Well, ill start by saying that its my 1st post since a long while now
And my mood is not too good, usualy im cool and lighthearted. But today i have some shit on my mind.
Well, people make misstakes. Theres no doubt about it and nothing you can do about it
The purpose of these misstakes is to learn from them.. These misstakes are usually caused by doing something without thinking.
If you could start your life from scratch, what would you do?
Story Time
Today this thing happened, theres this guy that i dont like. i never talked to him, and i dont want to either
but i see him about once a week cause i have to be in the same room with him and a bunch of other people..

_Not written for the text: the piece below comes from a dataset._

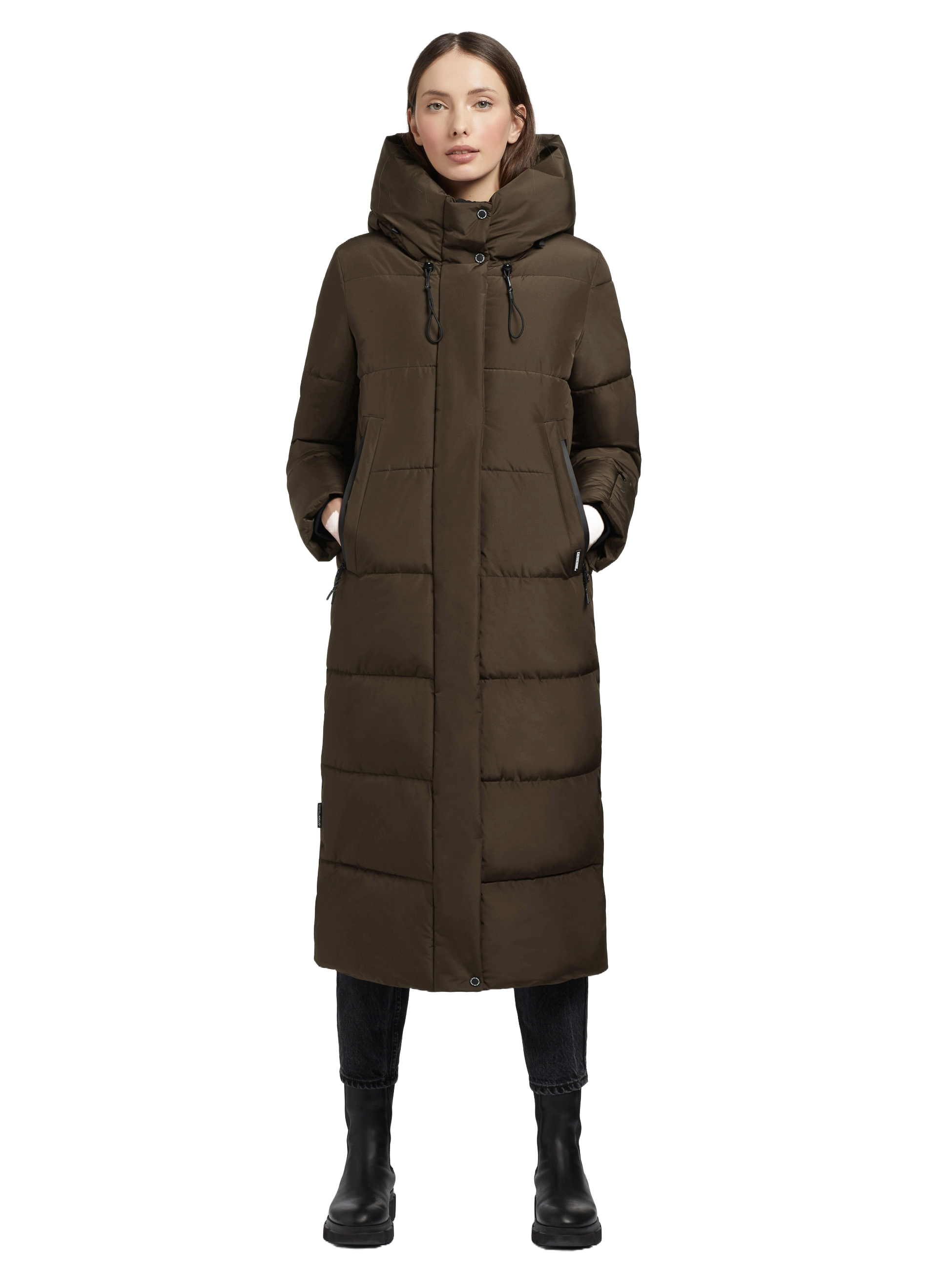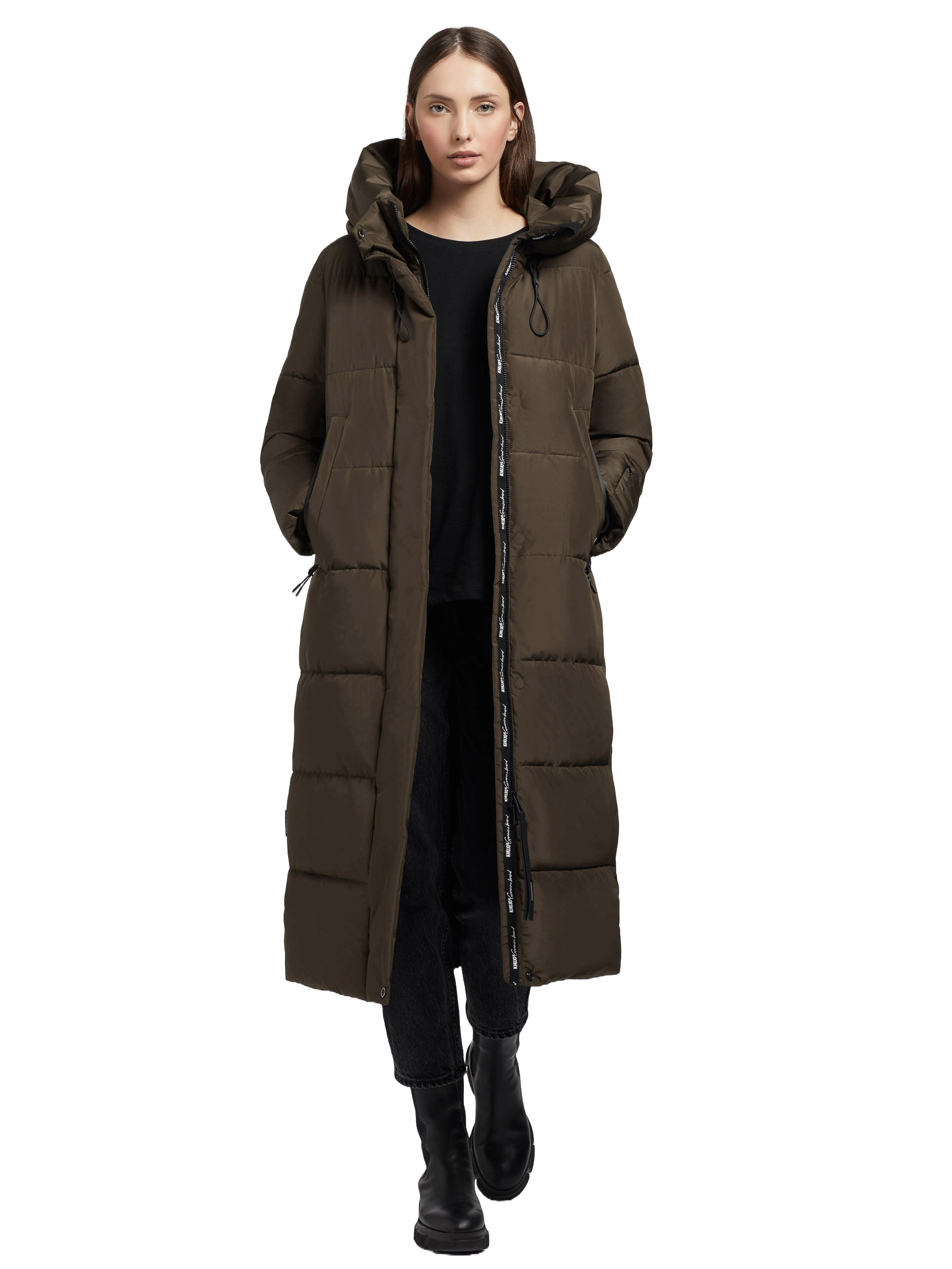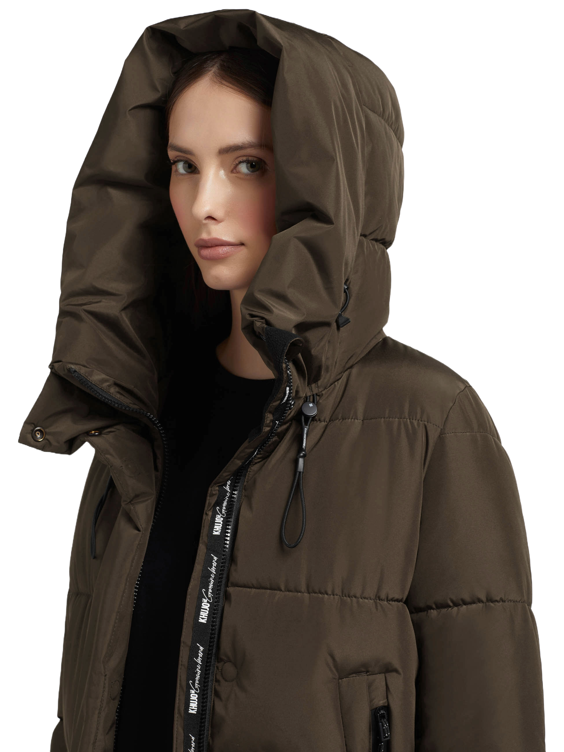 Soulani, der warm, wattierte Damen Mantel von KHUJO ist ein toller Wintermantel - einer der Bestseller unter den vielen beliebten Winterjacken! Die Länge geht bis kurz unter dem Knie, je nachdem wie groß man ist.

there are only three people that i can see in that room of 15.
Anyway that person i was talking about didnt do anything bad to me.. but hes the only person that can annoy me without doing anything. the way he talks just pisses me off.
Today, me and these three were walking down the street, laughing and making jokes and shit...
and we passed by that guy that annoys us, he was sitting in a restaurant with his grandma. one of the three yelled "Here;s the homo we hate!"
usually i would just pass by without a reaction, no matter what anyone said. but i was in the mood for laughing, and i would laugh from every small thing. my friends joke didnt make me laugh at all.. but the face that the guy i dont like did
was funny as hell. so i laughed.
we kept on going and had a few more laughes. another one of the three started saying we are a bunch of bastards
for saying these things to a person we dont know, but the he kinda laughed at the way that person talks...
after that. one of us started being mad at the other three. including me
So, as a person who doesnt give a fuck about people he doesnt know i didnt really care about the person in the restaurant. I do regret about laughing at him, cause it was pointless, but not too much. like i said i usually take stuff
easy...
Like i said before, i would usually just walk by without a reaction because i have no point in doing anything with him.
i dont meddle in most peoples lives, cause they dont interest me.
But as i saw the funny face he made ( after my friend said what he said, he smiled and lifted up his hand)
i laughed cause that was my 1st reaction. And now an important person is mad at me for it.
Yes i do know how it is being in that persons shoes, as a child alot of people laughed at me. mostly stupid israelians
and i know that it sucks. but im happy i went through all that. cuz it made me who i am.
but sometimes one misstake, or one small deed can blind a close person completely. and make him forget, and turn
back on everything that he knows about you.
I will keep writing tomorow cause im so tired i forgot everything i wanted to say.